A note on classical and quantum unimodular gravity

TL;DR

This paper examines unimodular gravity, showing it is classically equivalent to General Relativity and discussing its quantum aspects, concluding that any differences are due to different quantum theory definitions rather than fundamental distinctions.

Contribution

It clarifies the classical equivalence of unimodular gravity to GR and discusses the subtle quantum equivalence, emphasizing that differences arise from different quantum theory formulations.

Findings

Unimodular gravity is classically a gauge-fixed version of GR.

Quantum equivalence between unimodular gravity and GR can be maintained at high momenta.

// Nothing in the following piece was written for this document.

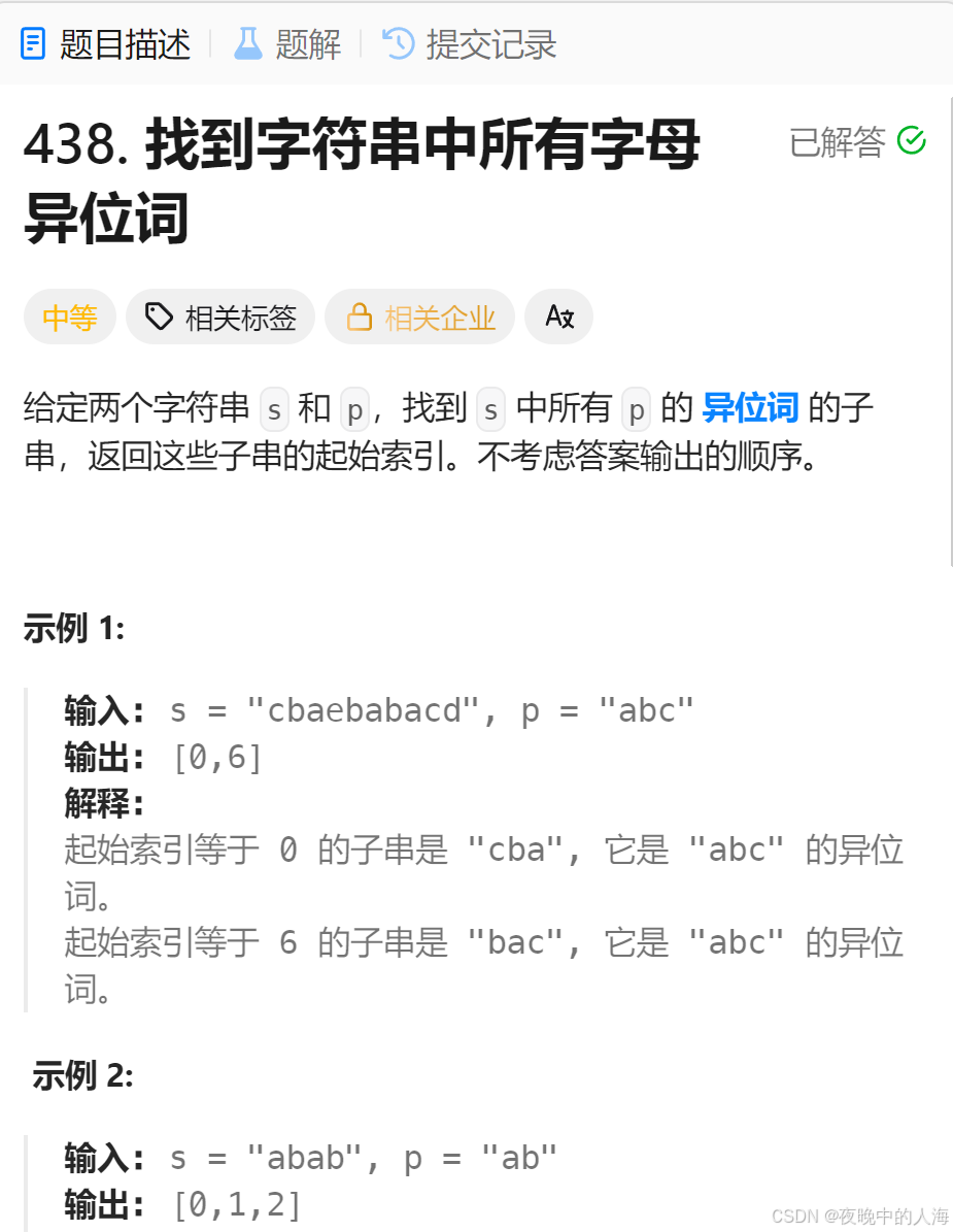 滑动窗口+ 哈希表 ,由题可知,字符串p的异位词的长度⼀定与字符串p的长度相同,所以可以在字符串s 中构造⼀个长度为字符串p的长度相同的滑动窗口,用哈希表记录字符串p中字符出现的个数,用一个变量count记录长度,不断进窗口 ,如果大于异位词的长度并且出现的字符在字符串p中也有(判断条件 ),就出窗口 ,让count--,相反就让count++,如果等于字符串p的长度就更新结果
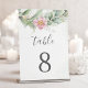 Bellos números de mesa de boda con eucalipto en acuarela y hojas doradas. Excelente opción para bodas de primavera y verano.

Quantum inequivalence indicates different quantum theories sharing the same classical limit.

Abstract

We discuss unimodular gravity at a classical level, and in terms of its extension into the UV through an appropriate path integral representation. Classically, unimodular gravity is simply a gauge fixed version of General Relativity (GR), and as such it yields identical dynamics and physical predictions. We clarify this and explain why there is no sense in which it can "bring a new perspective" to the cosmological constant problem. The quantum equivalence between unimodular gravity and GR is more of a subtle question, but we present an argument that suggests one can always maintain the equivalence up to arbitrarily high momenta. As a corollary to this, we argue that whenever inequivalence is seen at the quantum level, that just means we have defined two different quantum theories that happen to share a classical limit.